§ How to complete this task:
Beginning with the opening line, set down each line of the material below exactly, stopping once the line with "Friday night’s headlines" is done.

------------------------------------------------

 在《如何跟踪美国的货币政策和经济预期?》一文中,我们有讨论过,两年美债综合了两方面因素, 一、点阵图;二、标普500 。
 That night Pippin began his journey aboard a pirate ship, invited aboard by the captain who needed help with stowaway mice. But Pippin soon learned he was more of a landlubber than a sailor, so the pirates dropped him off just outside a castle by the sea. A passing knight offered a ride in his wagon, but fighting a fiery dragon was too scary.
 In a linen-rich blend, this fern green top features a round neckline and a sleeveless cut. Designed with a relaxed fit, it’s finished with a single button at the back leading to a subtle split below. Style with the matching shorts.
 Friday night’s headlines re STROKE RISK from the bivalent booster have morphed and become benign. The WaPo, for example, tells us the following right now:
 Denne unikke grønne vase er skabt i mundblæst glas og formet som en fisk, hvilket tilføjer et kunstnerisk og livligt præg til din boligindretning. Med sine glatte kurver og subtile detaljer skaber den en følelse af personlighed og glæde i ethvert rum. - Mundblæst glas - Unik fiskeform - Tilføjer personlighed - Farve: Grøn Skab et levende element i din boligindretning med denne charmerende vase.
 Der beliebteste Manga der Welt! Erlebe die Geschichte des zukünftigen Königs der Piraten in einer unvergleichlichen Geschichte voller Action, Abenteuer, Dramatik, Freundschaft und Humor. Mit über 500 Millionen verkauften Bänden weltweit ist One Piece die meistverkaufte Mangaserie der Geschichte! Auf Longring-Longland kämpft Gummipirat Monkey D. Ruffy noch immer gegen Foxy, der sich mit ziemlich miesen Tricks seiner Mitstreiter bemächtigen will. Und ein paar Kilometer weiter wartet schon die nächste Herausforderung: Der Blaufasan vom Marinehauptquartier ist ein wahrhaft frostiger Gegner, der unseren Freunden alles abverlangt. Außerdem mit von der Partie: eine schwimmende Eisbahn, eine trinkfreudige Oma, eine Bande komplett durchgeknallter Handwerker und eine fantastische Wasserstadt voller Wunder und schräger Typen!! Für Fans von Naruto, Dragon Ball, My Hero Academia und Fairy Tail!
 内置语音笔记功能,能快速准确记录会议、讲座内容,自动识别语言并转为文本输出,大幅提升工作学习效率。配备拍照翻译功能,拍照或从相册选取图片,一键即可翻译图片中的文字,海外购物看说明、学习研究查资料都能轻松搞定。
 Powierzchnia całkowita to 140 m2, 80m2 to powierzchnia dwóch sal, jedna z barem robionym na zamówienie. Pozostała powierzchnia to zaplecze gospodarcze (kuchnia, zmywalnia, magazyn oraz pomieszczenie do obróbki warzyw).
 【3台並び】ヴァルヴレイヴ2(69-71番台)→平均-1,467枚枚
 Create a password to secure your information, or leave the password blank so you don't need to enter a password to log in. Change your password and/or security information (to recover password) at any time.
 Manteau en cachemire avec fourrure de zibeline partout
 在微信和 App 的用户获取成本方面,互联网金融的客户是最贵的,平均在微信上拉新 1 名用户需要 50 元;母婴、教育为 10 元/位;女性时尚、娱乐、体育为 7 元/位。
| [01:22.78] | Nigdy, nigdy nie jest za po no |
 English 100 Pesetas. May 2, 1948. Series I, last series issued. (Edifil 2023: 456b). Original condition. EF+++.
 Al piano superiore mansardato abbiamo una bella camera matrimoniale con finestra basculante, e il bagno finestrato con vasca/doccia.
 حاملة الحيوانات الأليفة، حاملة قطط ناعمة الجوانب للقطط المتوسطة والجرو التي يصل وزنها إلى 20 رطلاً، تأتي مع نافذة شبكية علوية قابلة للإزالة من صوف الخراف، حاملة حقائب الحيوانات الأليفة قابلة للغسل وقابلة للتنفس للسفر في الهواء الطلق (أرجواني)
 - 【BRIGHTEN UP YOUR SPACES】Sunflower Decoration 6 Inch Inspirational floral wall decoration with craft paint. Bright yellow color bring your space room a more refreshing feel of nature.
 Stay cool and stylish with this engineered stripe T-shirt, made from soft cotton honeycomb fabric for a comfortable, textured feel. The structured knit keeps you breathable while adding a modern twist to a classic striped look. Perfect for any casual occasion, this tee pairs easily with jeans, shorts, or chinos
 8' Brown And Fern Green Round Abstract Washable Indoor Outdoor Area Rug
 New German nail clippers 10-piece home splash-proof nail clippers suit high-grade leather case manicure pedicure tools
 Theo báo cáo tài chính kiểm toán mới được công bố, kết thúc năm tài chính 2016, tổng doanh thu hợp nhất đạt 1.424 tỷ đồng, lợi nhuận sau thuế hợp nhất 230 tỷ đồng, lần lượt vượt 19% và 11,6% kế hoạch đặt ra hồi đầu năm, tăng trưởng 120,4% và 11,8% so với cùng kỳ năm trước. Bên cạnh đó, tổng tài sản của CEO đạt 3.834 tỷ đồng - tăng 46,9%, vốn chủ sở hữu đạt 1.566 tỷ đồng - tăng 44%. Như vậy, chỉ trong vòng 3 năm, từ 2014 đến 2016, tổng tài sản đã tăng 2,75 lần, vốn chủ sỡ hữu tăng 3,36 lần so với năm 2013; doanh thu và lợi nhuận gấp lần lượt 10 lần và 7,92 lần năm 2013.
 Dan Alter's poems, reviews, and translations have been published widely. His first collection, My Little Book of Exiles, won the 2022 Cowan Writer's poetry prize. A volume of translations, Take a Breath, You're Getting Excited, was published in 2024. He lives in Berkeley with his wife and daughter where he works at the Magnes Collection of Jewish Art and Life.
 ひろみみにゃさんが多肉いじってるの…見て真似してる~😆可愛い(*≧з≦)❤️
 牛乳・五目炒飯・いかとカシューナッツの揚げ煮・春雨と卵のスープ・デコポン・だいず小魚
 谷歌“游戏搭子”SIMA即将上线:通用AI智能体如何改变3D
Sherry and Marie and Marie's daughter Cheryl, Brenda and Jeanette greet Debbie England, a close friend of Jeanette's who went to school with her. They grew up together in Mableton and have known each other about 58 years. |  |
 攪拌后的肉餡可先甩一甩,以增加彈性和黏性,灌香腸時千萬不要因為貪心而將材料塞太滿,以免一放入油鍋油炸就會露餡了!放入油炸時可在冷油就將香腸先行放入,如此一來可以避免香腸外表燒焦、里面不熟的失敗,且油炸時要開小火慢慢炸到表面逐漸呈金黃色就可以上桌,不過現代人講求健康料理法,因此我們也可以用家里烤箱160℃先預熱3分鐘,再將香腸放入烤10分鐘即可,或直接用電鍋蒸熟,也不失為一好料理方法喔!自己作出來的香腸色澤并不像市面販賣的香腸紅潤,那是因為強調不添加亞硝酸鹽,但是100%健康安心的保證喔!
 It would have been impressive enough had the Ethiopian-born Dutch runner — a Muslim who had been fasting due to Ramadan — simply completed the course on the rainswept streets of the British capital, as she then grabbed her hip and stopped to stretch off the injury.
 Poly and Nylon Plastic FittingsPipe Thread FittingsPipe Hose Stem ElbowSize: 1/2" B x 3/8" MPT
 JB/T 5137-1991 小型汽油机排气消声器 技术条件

------------------------------------------------

§ Task response:
 在《如何跟踪美国的货币政策和经济预期?》一文中,我们有讨论过,两年美债综合了两方面因素, 一、点阵图;二、标普500 。
 That night Pippin began his journey aboard a pirate ship, invited aboard by the captain who needed help with stowaway mice. But Pippin soon learned he was more of a landlubber than a sailor, so the pirates dropped him off just outside a castle by the sea. A passing knight offered a ride in his wagon, but fighting a fiery dragon was too scary.
 In a linen-rich blend, this fern green top features a round neckline and a sleeveless cut. Designed with a relaxed fit, it’s finished with a single button at the back leading to a subtle split below. Style with the matching shorts.
 Friday night’s headlines re STROKE RISK from the bivalent booster have morphed and become benign. The WaPo, for example, tells us the following right now:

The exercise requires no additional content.